Pentesting Silverlight and WCF RIA Web Services

During a recent test I have encountered a Silverlight application with WCF RIA web services on the server side.

Silverlight application runs in the browser. It is conceptually similar to a Java applet. The compiled code is downloaded to the browser where it is executed in a sandbox. The client side communicates to the server. In case of the application I was testing, the server side was implemented as several web services.

Silverlight can use different means of communication to the server. The previous version of the app I wasa testing application used plain HTTP with JSON data in the body. That was pretty straightforward to test, as both requests and responses could be edited in an intercepting proxy, such as Burp.

The newest version however, used a binary communication format called MSBIN1. Editing it in an intercepting proxy breaks the message format, so the server discards the message. I have tried the Burp plugin that decodes MSBIN1 messages and allows editing them in Burp. It mostly worked well, except failing to decode some of the messages. It so happened that those were the messages that I particularly wanted to mess with, so I had to find another solution.

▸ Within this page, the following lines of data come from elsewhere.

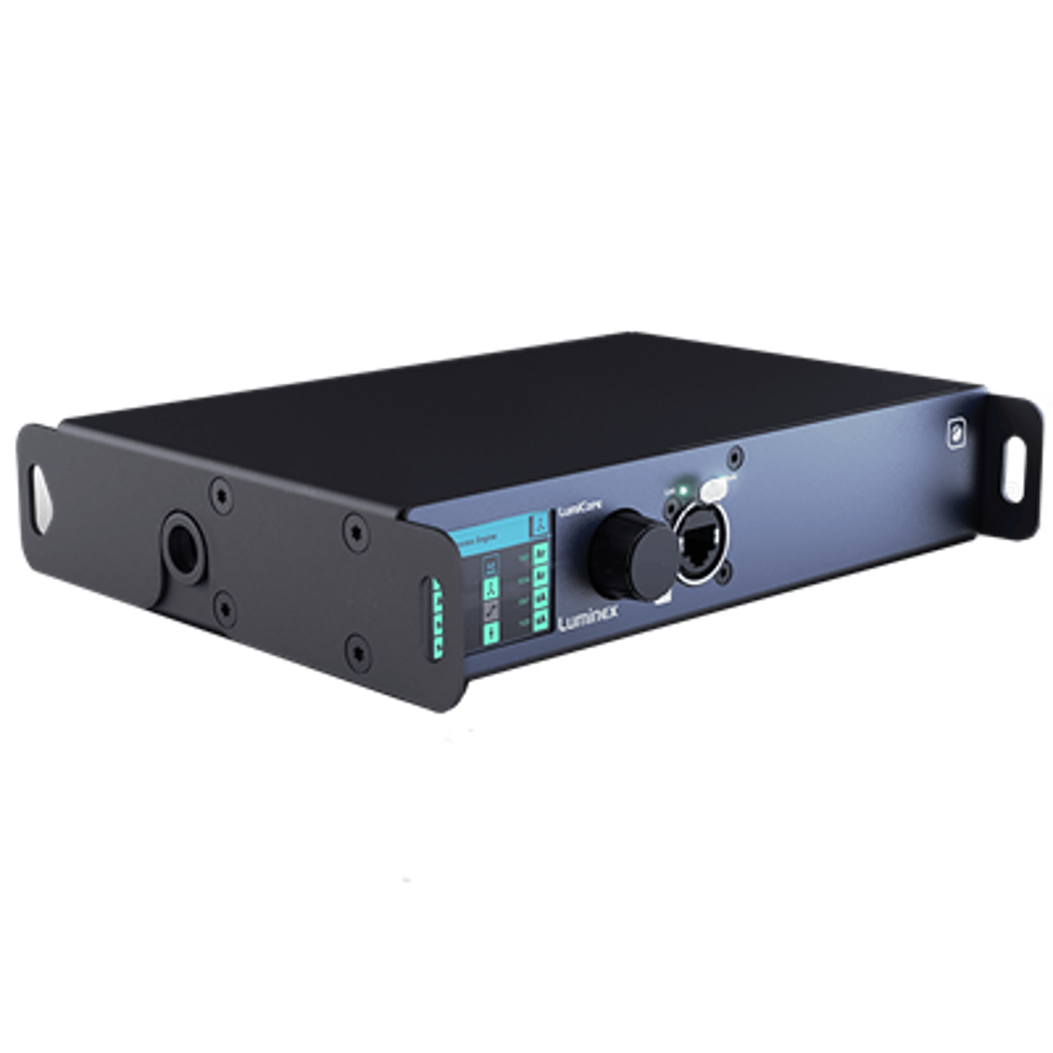 SpecificationsDMX/RDM connectivity: NoneEthernet connectivity: 2x shielded Neutrik Ethercon connectorContact closure: YesPower connectivity: 1x Neutrik powerCON TRUE1 Ethernet (PoE)DMX FeaturesDMX protocols: NADMX port direction: NADMX port isolation: NADMX timing: NANetwork FeaturesEthernet protocols: Art-Net™ (1-4), sACN ANSI E1.31, RTTrPL (BlackTraX), KiNET v1,v2Ethernet port speed: 1GbpsPort sensing: Auto-negociation, MDI / MDIXSplit management interface: YesGroups (VLAN) support: YesKey FeaturesProcess engines: 64 (LumiCore 64), 32 (LumiCore 32), 16 (LumiCore16)Merging engine: HTP LTP Backup Switch X-Fade CustomSoftpatch: YesMaster/Limit: Proportional LimitTrigger system: YesReRoute: YesProfile manager: YesSnapshot: YesDMX Redundancy: NAMonitoring software: LumiNet Monitor V2 (free)Configuration: Through the built-in web server or with the front end display menuStatusDisplay and jog: YesStatus LEDs: Ethernet Port link/activity LED and mode LEDPowerPower input: 100-240VAC 50-60Hz PoE (802.3af)Power consumption: Maximum 13WPower redundancy: YesEnvironmentalOperating temperature: 0 to +50°CStorage temperature: -10 to +70°CHumidity (non condensing): 5 to 95% RHPhysicalEnclosure: Robust metal housingMounting: Rack, TrussDimensions (W x D x H): 220 x 175 x 44 mm (1/2 19" x 8,7" x 1,7")Weight: 2,4 kgPackaging: 530 x 330 x 80 mm (21" x 13" x 3,15")ApprovalElectromagnetic emissions and immunity: EN55032 class A EN55035 EN61000-3-2 EN61000-3-3 EN61000-4-2 EN61000-4-4 EN61000-4-5 EN61000-4-6 EN61000-4-8 EN61000-4-11 FCC Part 15 CFR 47 class A ICES-003 Issue 6Safety: IEC 62368-1 EN 62368-1 UL 62368-1 CAN/CSA-C22.2 No. 62368-1 CECertificates: cSGSus Mark CE CB certificateGreen: RoHS REACHRead more
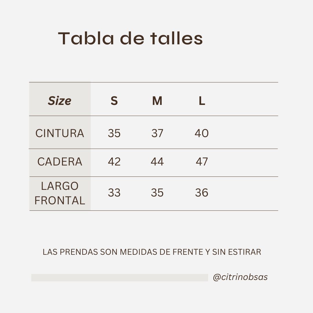 Las medidas son tomadas con la prenda apoyada en plano y pueden variar mínimamente según el modelo.
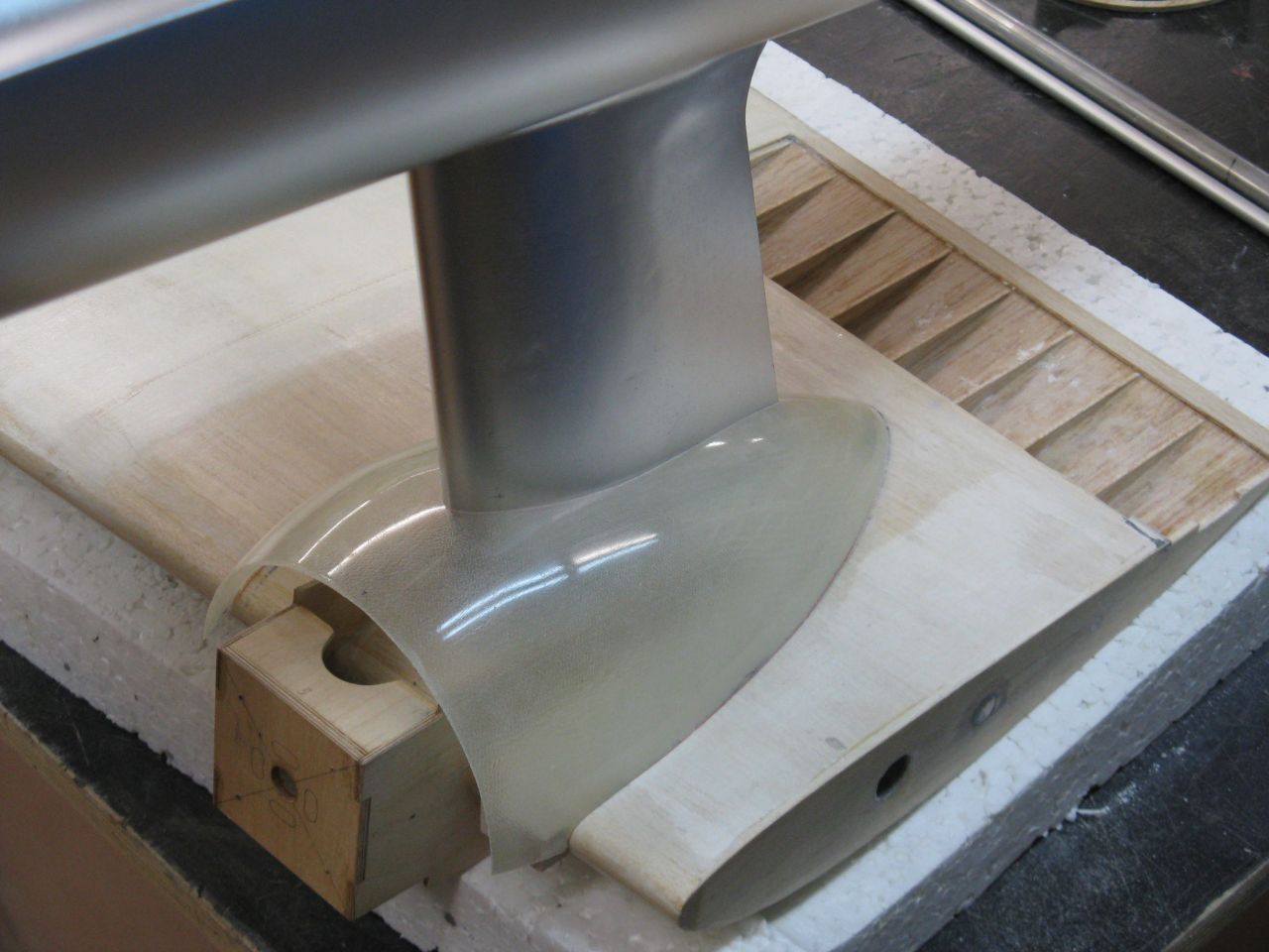 Trochę gimnastyki było z dopasowaniem osłon silników, przez które przechodziło mocowanie pływaków do skrzydeł. Początkowo chciałem przeciąć osłonę na pół, ale potem doszedłem do wniosku, że będzie ładniej jak wytnę otwór w kształcie kropli i przez niego włożę pływak.

The good news is that WCF RIA web services offer several interfaces. Apart from Microsoft proprietary binary SOAP format, they can also be accessed via plain old SOAP.

So, I have fired up soapUI and fed it the WSDL for each of the web services used by the application. (By that I mean, first exploring the application in browser, while recording the requests and responses with Burp, then noting the web services URLs, which look like /Application/SomeService.svc , and then feeding URLs like http://www.example.com/Application/Service.svc?wsdl to soapUI). SoapUI retrieves the WSDL and constructs the sample requests to all discovered methods. You can send the request and look at the response.

My application required authentication, and used .ASPXAUTH cookie as session ID. soapUI allows adding arbitrary headers to the requests, so I logged in to the application with the browser, and copied the Cookie: header to soapUI request. This way I could send authenticated requests, edit them, and observe the results. A web service fuzzer may also be used to supplement manual testing.